THE INPUT:
☆ ☆ ☆ ☆ ☆ ☆ ☆

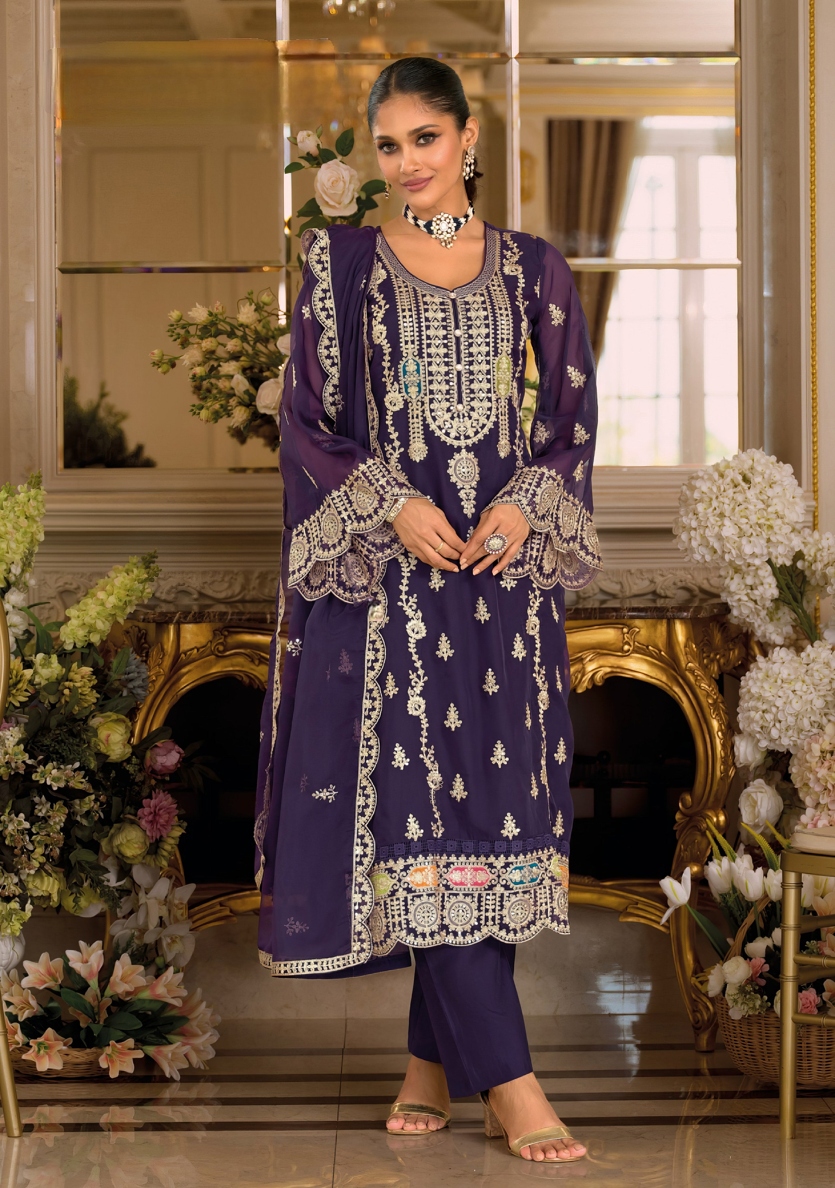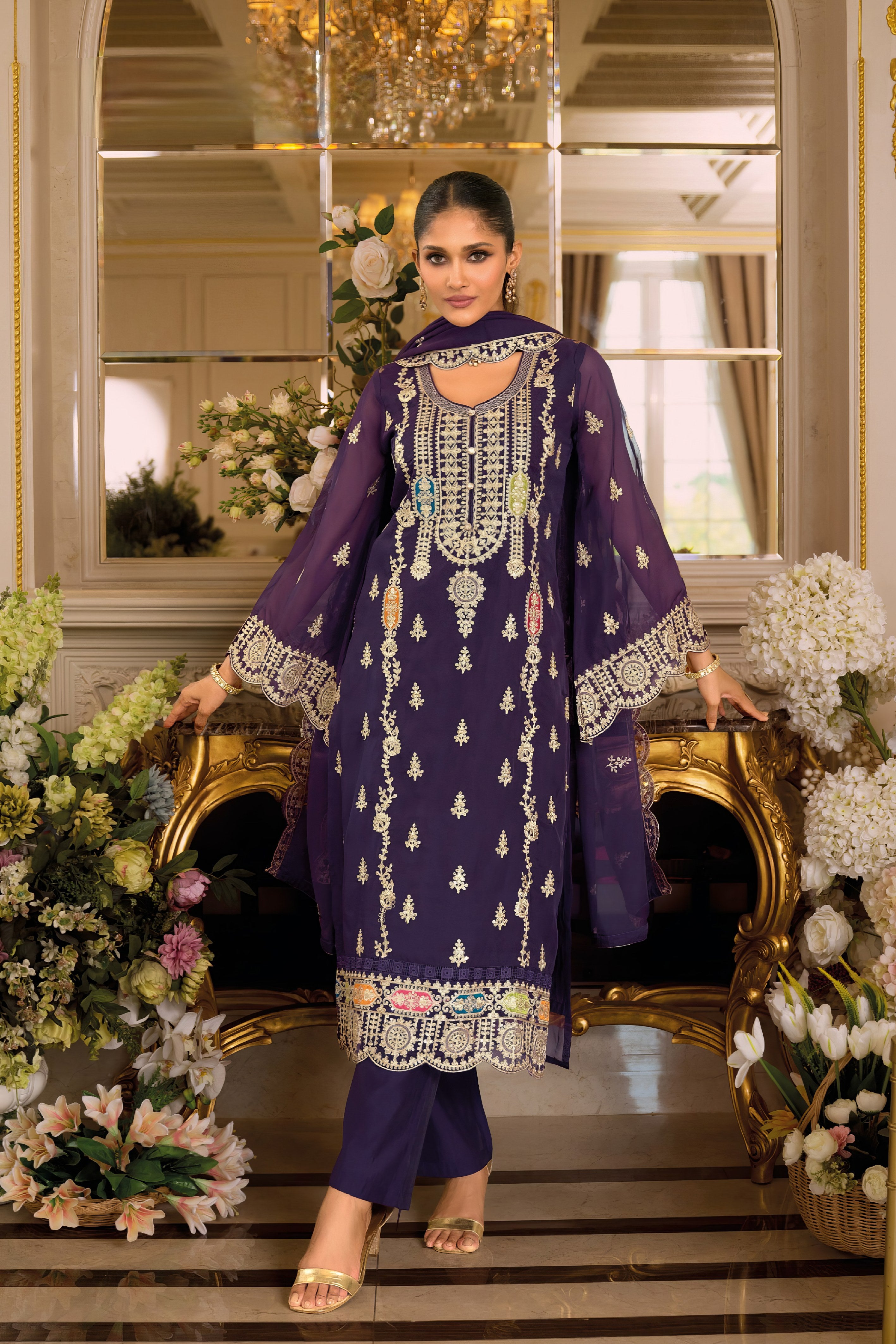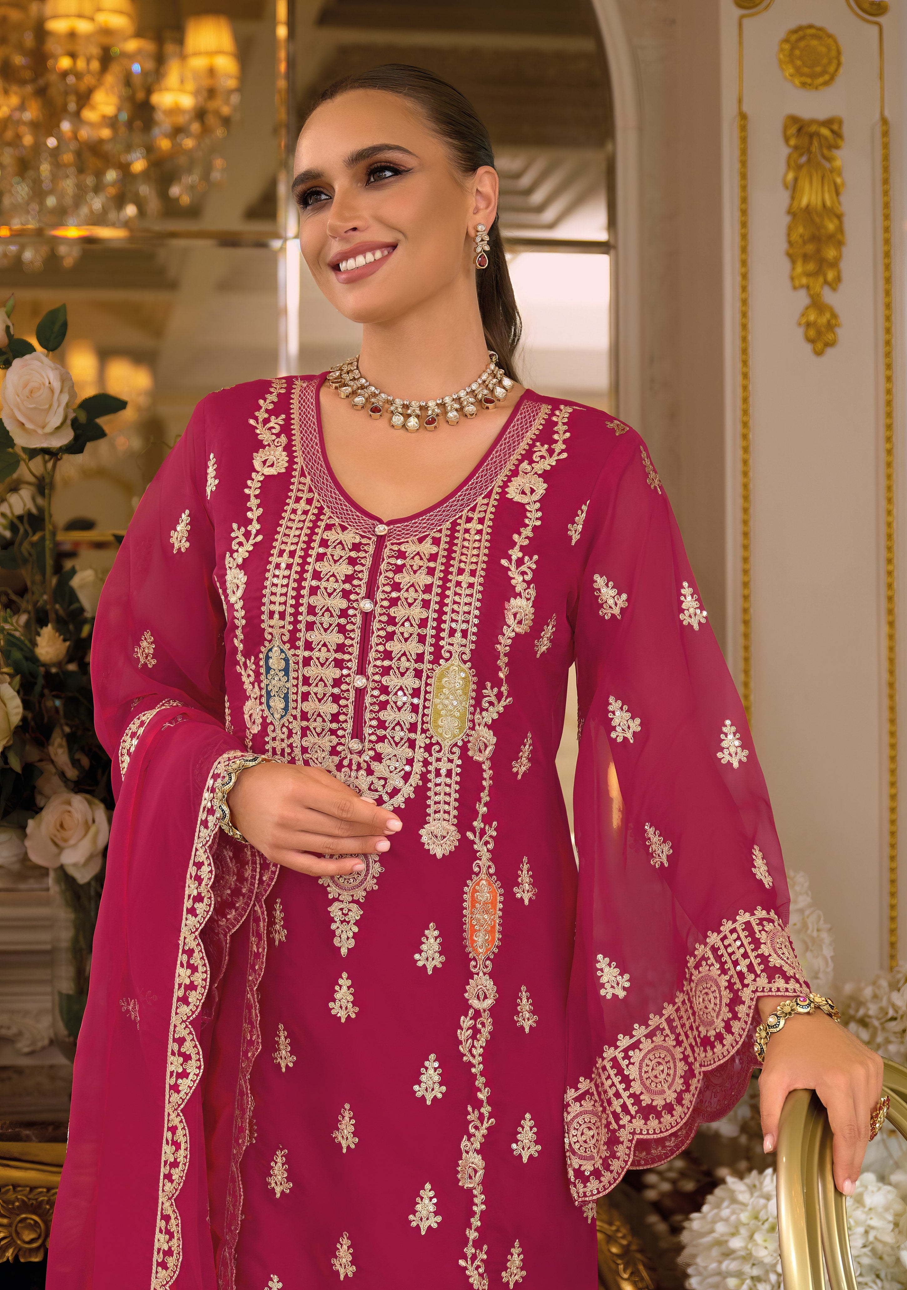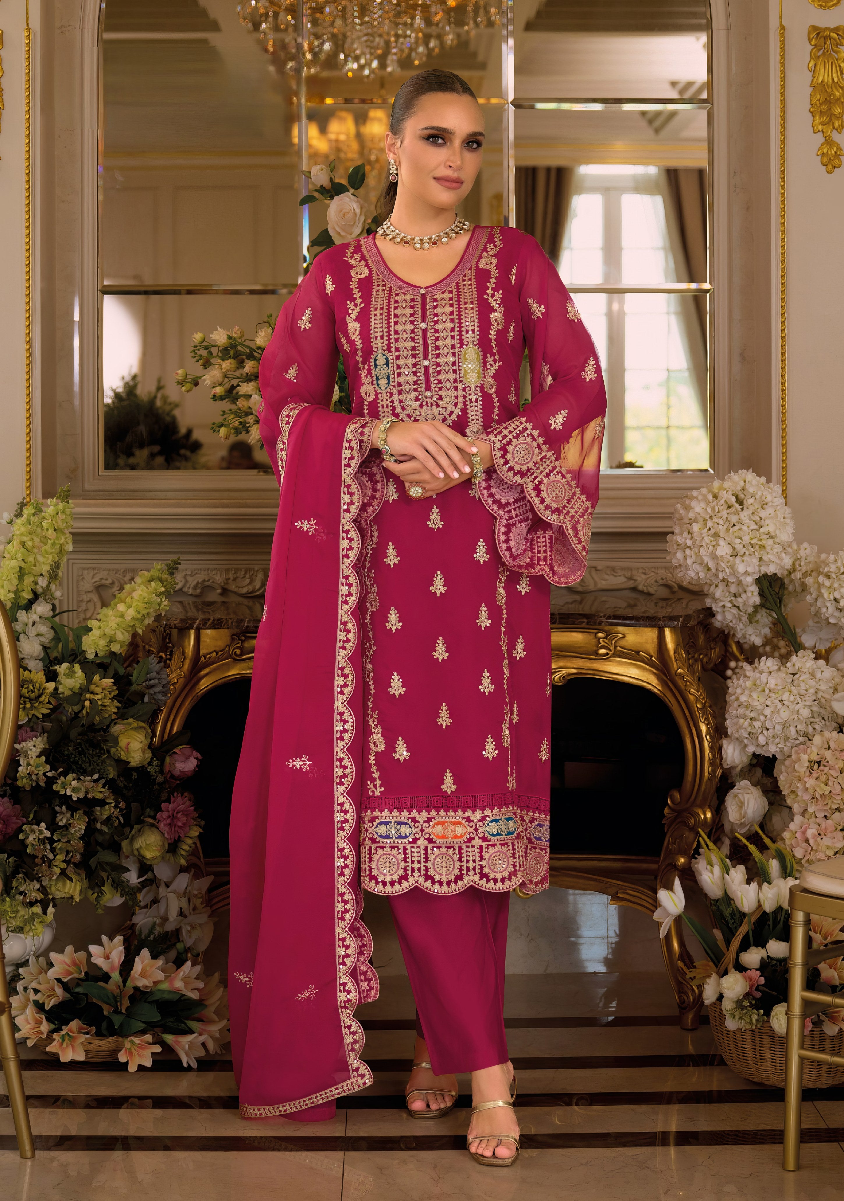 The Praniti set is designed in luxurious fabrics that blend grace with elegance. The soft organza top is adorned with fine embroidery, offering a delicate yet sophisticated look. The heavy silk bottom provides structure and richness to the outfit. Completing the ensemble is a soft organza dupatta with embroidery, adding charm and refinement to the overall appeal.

☆ ☆ ☆ ☆ ☆ ☆ ☆

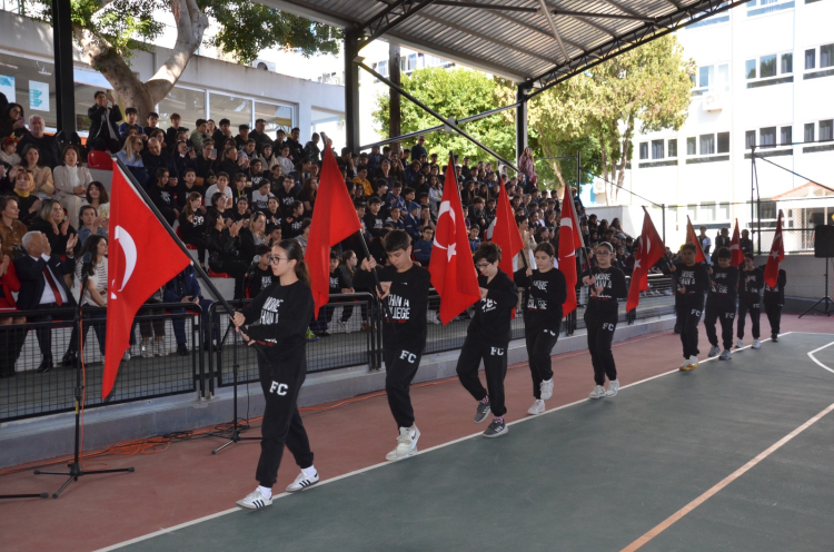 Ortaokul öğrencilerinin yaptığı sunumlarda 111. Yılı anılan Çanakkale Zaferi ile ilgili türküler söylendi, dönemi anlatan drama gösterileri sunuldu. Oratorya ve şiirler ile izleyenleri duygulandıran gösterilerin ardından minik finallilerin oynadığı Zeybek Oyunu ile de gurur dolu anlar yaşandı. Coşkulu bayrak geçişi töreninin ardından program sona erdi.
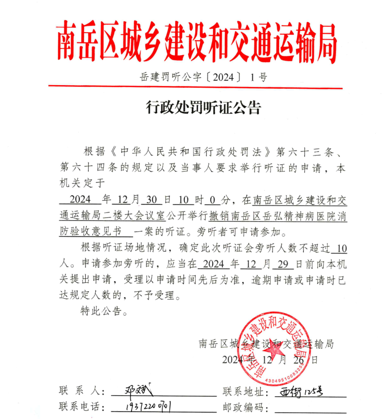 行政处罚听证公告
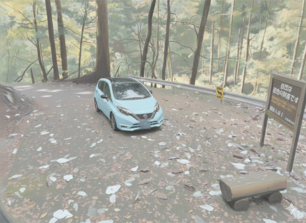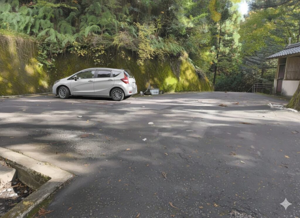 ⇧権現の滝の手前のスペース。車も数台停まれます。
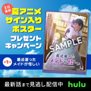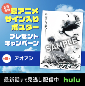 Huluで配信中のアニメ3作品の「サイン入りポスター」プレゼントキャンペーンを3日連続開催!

☆ ☆ ☆ ☆ ☆ ☆ ☆

PROBLEM DETAILS: For this exercise, transcribe exactly the part of the records above that opens with the line containing "Ortaokul öğrencilerinin yaptığı" and closes with the one containing "Huluで配信中のアニメ3作". Pictures are not part of the copy.

RESULT OF THE TASK:
 Ortaokul öğrencilerinin yaptığı sunumlarda 111. Yılı anılan Çanakkale Zaferi ile ilgili türküler söylendi, dönemi anlatan drama gösterileri sunuldu. Oratorya ve şiirler ile izleyenleri duygulandıran gösterilerin ardından minik finallilerin oynadığı Zeybek Oyunu ile de gurur dolu anlar yaşandı. Coşkulu bayrak geçişi töreninin ardından program sona erdi.
 行政处罚听证公告
 ⇧権現の滝の手前のスペース。車も数台停まれます。
 Huluで配信中のアニメ3作品の「サイン入りポスター」プレゼントキャンペーンを3日連続開催!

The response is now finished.